🤖 AI Summary
To address the challenge that network operators cannot access end-user Quality of Experience (QoE) metrics for encrypted video traffic, this paper proposes an application-agnostic, client-side non-cooperative end-to-end QoE estimation method. We introduce the first objective QoE modeling framework specifically designed for IMVCA/VCAs (e.g., WhatsApp), integrating network-layer traffic feature extraction with a dual-task learning model that jointly optimizes no-reference PIQE-based perceptual quality assessment and dynamic FPS prediction. Evaluated on a real-world 25,680-second encrypted WhatsApp traffic dataset, our method achieves 85.2% accuracy in FPS prediction (error ≤ 2 fps) and 90.2% accuracy in PIQE-based quality classification. By eliminating reliance on application-layer metrics or client instrumentation, the approach delivers a deployable, generalizable QoE monitoring capability for operators—enabling scalable, privacy-preserving network-wide QoE awareness.
📝 Abstract
Instant Messaging-Based Video Call Applications (IMVCAs) and Video Conferencing Applications (VCAs) have become integral to modern communication. Ensuring a high Quality of Experience (QoE) for users in this context is critical for network operators, as network conditions significantly impact user QoE. However, network operators lack access to end-device QoE metrics due to encrypted traffic. Existing solutions estimate QoE metrics from encrypted traffic traversing the network, with the most advanced approaches leveraging machine learning models. Subsequently, the need for ground truth QoE metrics for training and validation poses a challenge, as not all video applications provide these metrics.
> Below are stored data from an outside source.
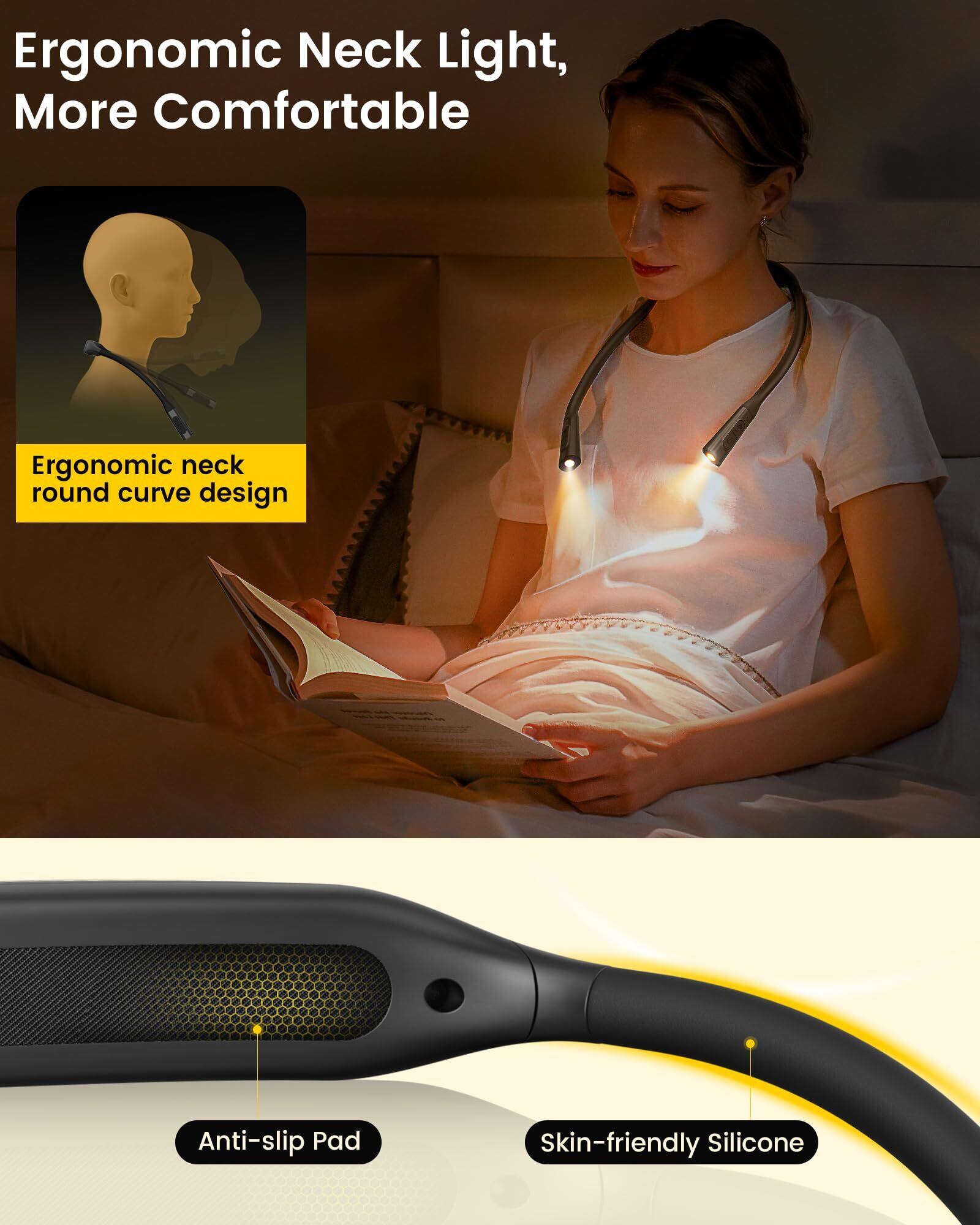 【人間工学に基づいた快適設計】首にぴったりフィットするスリムなネックカーブ(厚み:2.5cm → 1.7cm)で、軽量わずか124g(4.37oz)とほとんど重さを感じません。高品質なABS素材と肌に優しいシリコンを使用し、髪を絡めず滑らかな触り心地。柔らかい滑り止めパッドでしっかり固定されるため、読書・編み物・キャンプ・クラフトなどあらゆるシーンで快適に使用できます。
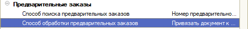 - Способ обработки предварительных заказов — Привязать документ к основному заказу
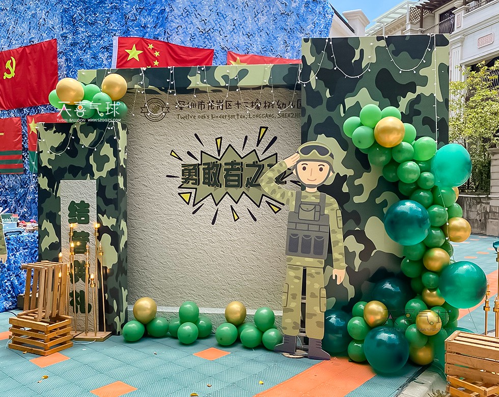 本次典礼的背景布置以军事迷彩为主题,采用迷彩图案的KT板、布帘和立体装饰,展现出勇气、坚韧和成长的力量。背景上融入幼儿园的Logo和“勇敢之夜”主题字样,让每个孩子都在这个特殊的场合中感受到自己是一个小小勇士。
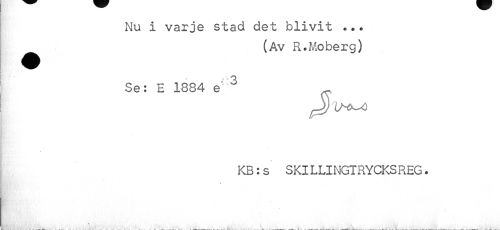 //// Nu i varje stad det blivit «.. //// (Av R.Moberg) //// Se: E 1884 e' 3 //// S) IH^O //// KB: s SKILLINGTRYCKSREG. //// ^ _ _ L V ^ <7 ^ ___ ////
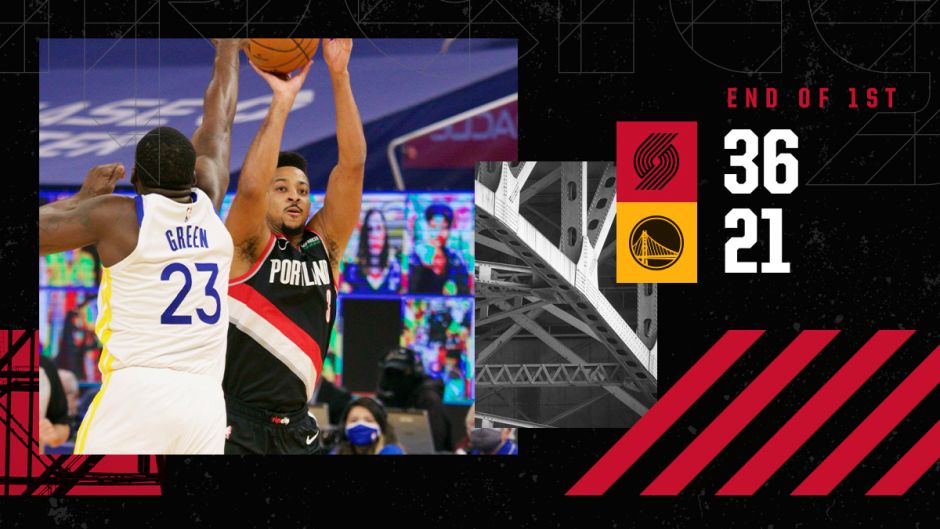 首节上来,勇士新秀怀斯曼就凭借一记长两分拉开了比赛的序幕。但是开拓者首节在外线的手感愈发火热,多点开会连中四记远投在场上取得领先,在努尔基奇强突篮下抛投得手后场上分差达到两位数,经过暂停之后利拉德借助掩护上篮打成2+1,随后勇士就陷入了长达了3分钟的得分荒,最终贝兹莫尔上篮终于打破了僵局。但是CJ-麦科勒姆的火热状态仍在延续,在连得8分之后开拓者将分差扩大至20分。在首节结束之后,开拓者36-21领先勇士。
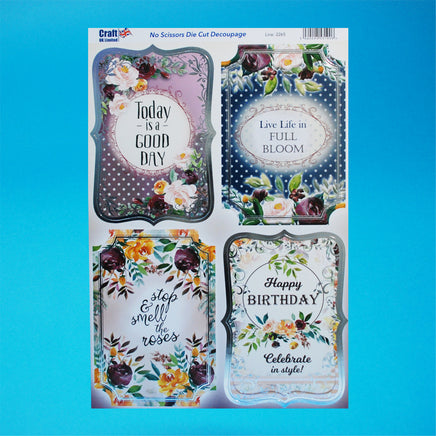 3D - Die Cut - A4 sheet with traditional floral illustrations in full colour, each in an individual pop out panel and including various sentiments with additional silver foiled borders and flourishes.

To address this challenge, we propose an application-agnostic approach for objective QoE estimation from encrypted traffic. Independent of the video application, we obtained key video QoE metrics, enabling broad applicability to various proprietary IMVCAs and VCAs. To validate our solution, we created a diverse dataset from WhatsApp video sessions under various network conditions, comprising 25,680 seconds of traffic data and QoE metrics. Our evaluation shows high performance across the entire dataset, with 85.2% accuracy for FPS predictions within an error margin of two FPS, and 90.2% accuracy for PIQE-based quality rating classification.